6. It's not Maine I hated... it was certain circumstances of my life in Maine. SO- fix those things I don't like and Maine will be great... Sounds good in theory.
Anyway. In all this thinking about staying and going and this and that I've been so distraught over the breakup of John and I. I cried a lot last night and just had a pity party. In the midst of this I was talking to a very wise friend of mine on FaceBook chat who said something so profound I have to share it with the 2 people who read my blog. He said "Don't let yourself focus on something that the Lord's not allowing right now." Isn't it strange how easily we call into the traps of this life? What I mean is I know the Lord's plan is going to definitely be better than ANYTHING I can come up with but yet here I am trying again to fix something that is obviously not going to be fixed either now or maybe never. How quickly I take the reigns back from the Lord and say "Nope, it's alright, I got this" when I didn't even realize we were taking a different road than the one I just flung us onto. It's as if I've been praying "Please Lord, let's follow my will this time". How did I get there? It's so strange that after ALL He has brought me through in the last 5 years I'm still so quick to try and take over.

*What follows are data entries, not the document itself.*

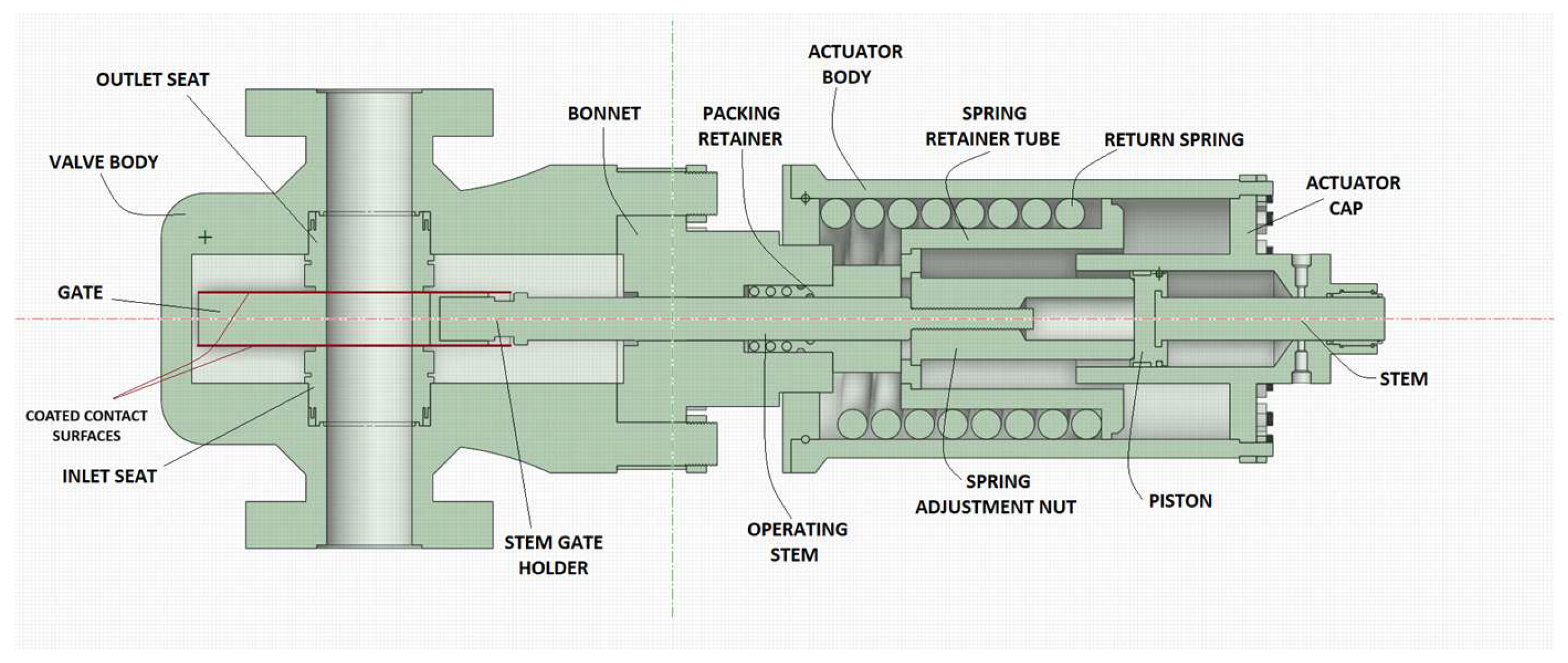Regarding the actuator part, the axial force required to move the gate is achieved through the piston–cylinder coupling. Hydraulic fluid from topside HPU enters the cylinder through the fluid inlet, generating force on the piston. A return spring, located between the piston retainer tube and the actuator body’s bonnet end, is compressed as the hydraulic fluid drives the piston to open the valve. The valve is kept open with the consistency of hydraulic pressure. In emergencies such as power failures, the return spring activates, moving the stem into a fail-safe position and closing the valve.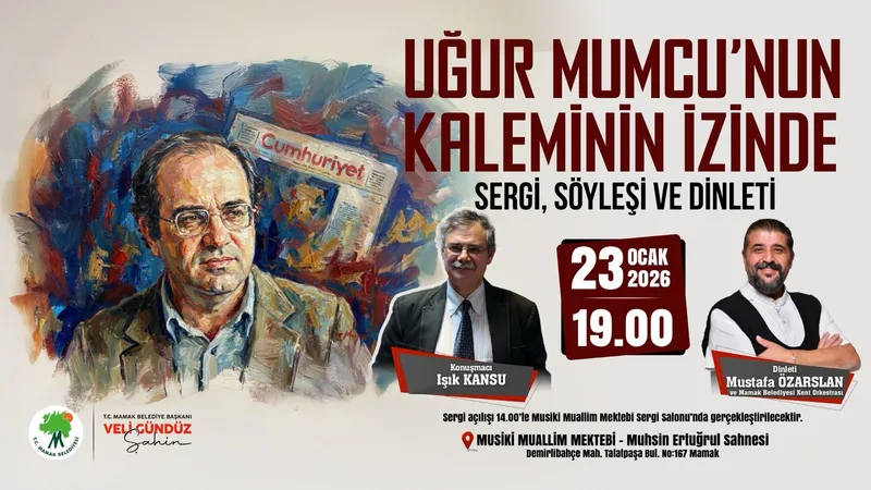 Gazeteci-yazar Uğur Mumcu, Mamak Belediyesi'nin ev sahipliğinde düzenlenecek sergi, söyleşi ve dinleti programıyla anılacak. Program, 23 Ocak 2026 Perşembe günü Musiki Muallim Mektebi Muhsin Ertuğrul Sahnesi'nde gerçekleştirilecek
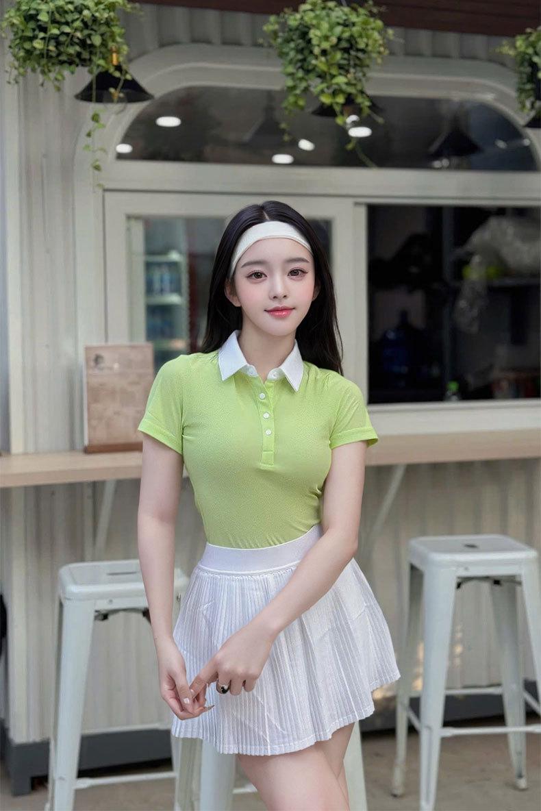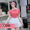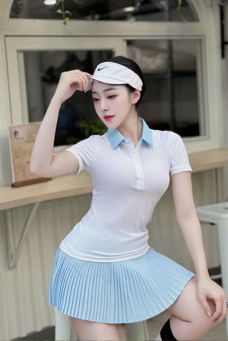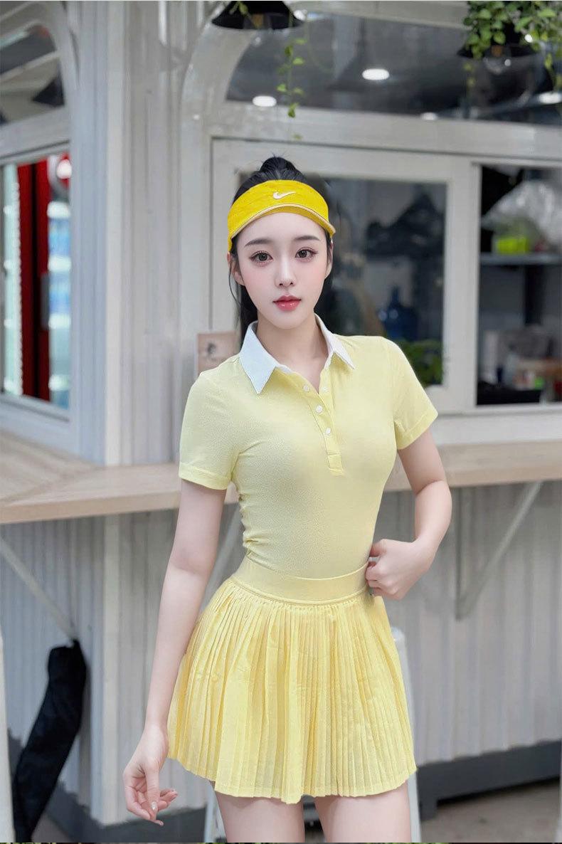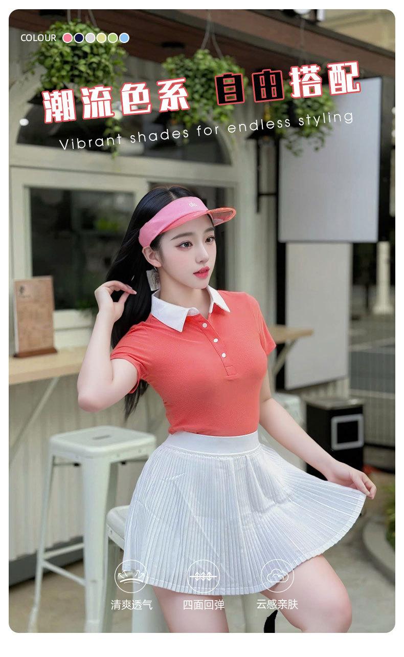 Nueva Camiseta Polo de Color Contrastante para Mujer Slim Solapa Manga Corta Camiseta Hombro Derecho Deportes Fitness Bádminton Tenis Top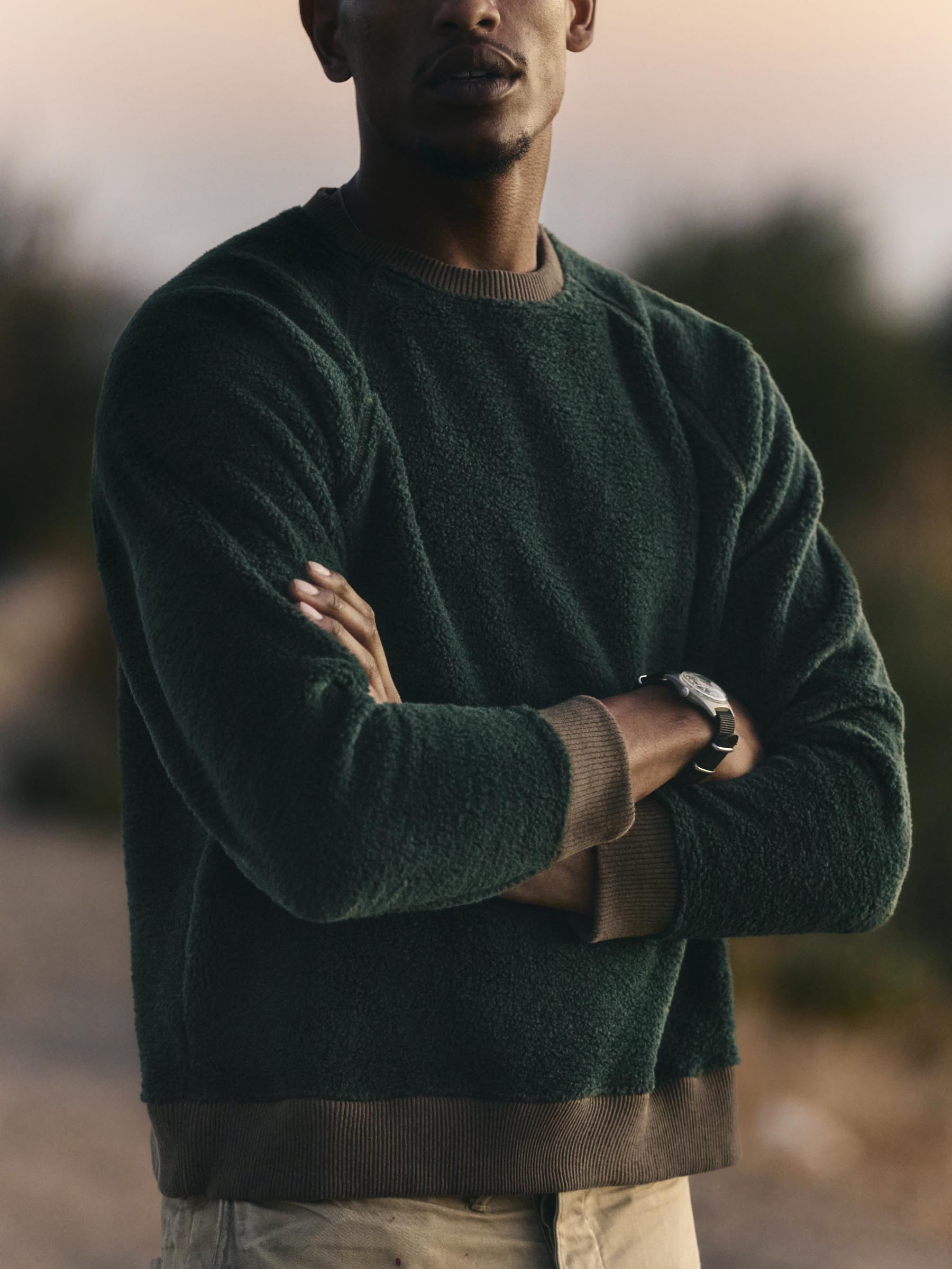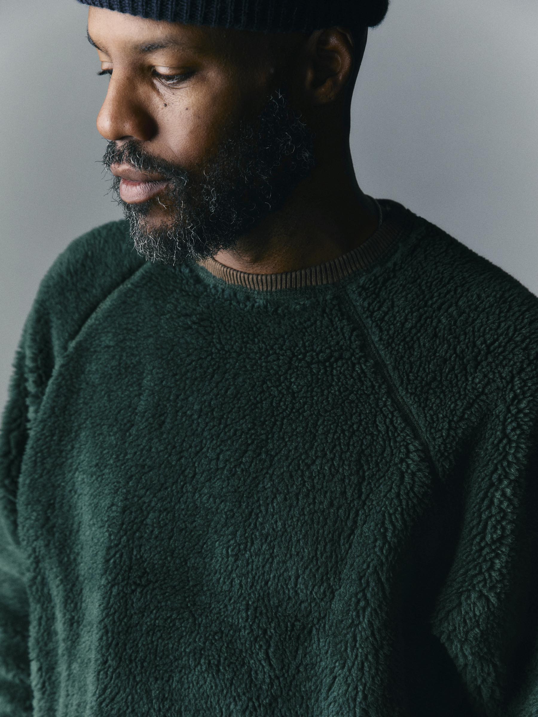 ribbed sherpa crew in fern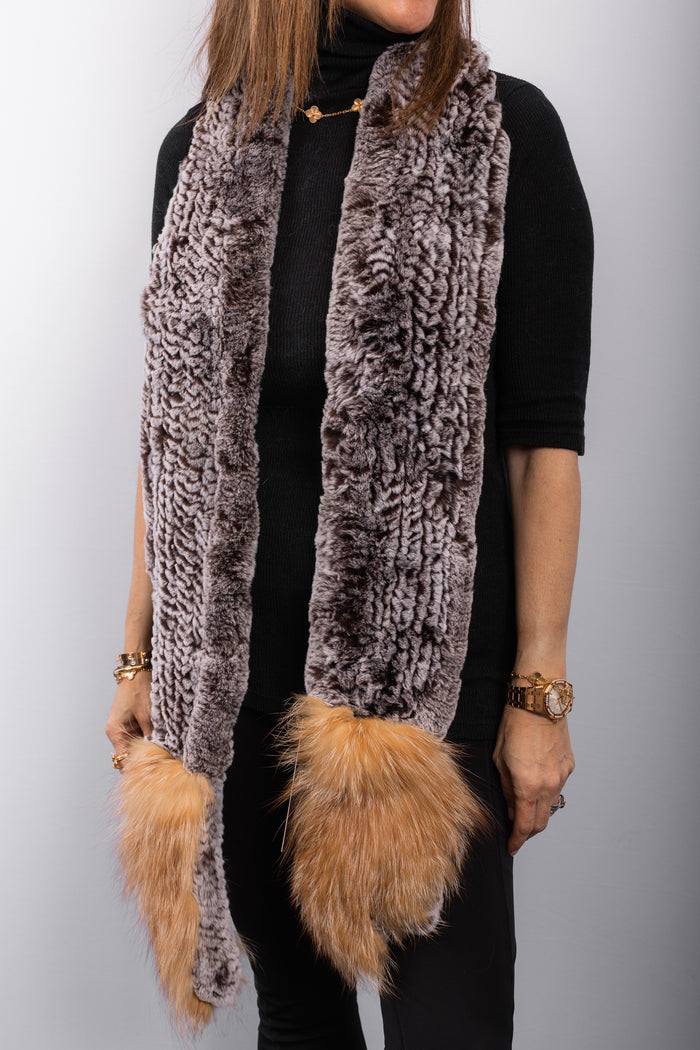 Toffee/Chinchilla Rex Rabbit Scarf with Red Fox Fur Fringes
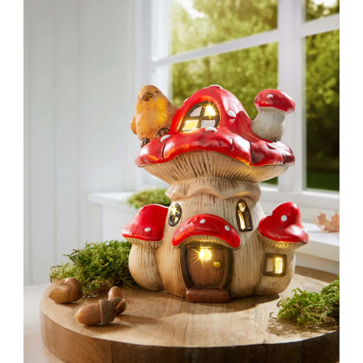 Dank der detailreichen Verarbeitung wirkt es wie aus einem Märchen entsprungen und zieht alle Blicke auf sich. Ob auf der Fensterbank, dem Tisch oder dem Regal – das LED-Pilzhaus sorgt überall für eine herbstlich-bezaubernde Atmosphäre. Ein echter Glücksgriff für Ihre saisonale Dekoration.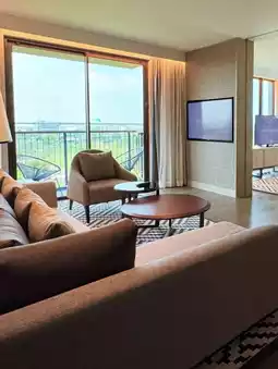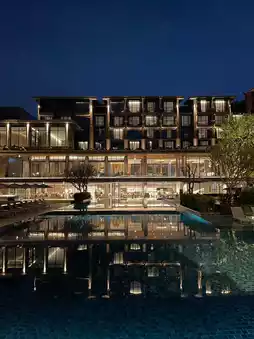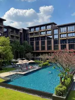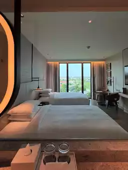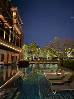 Despite its proximity to the airport, the hotel offers a tranquil, tropical resort-like atmosphere, creating a relaxing paradise.

Went to the Warehouse tonight with Scott and Shanon. It was so awesome. We saw Spoken who put on a great show with lots of jumping and screaming and LOTS of sweating. Saw another band who opened for Spoken called Chicago Winter who was absolutely amazing. Seriously, it was like this awesome mix of Emery, Deas Vail, and someone else who rocks but i can't think of. Check them out here.
Well, with all that said I am going to go to sleep.
1John 2:28- "And now, dear children, continue in Him, so that when He appears we may be confident and unashamed before Him at His coming."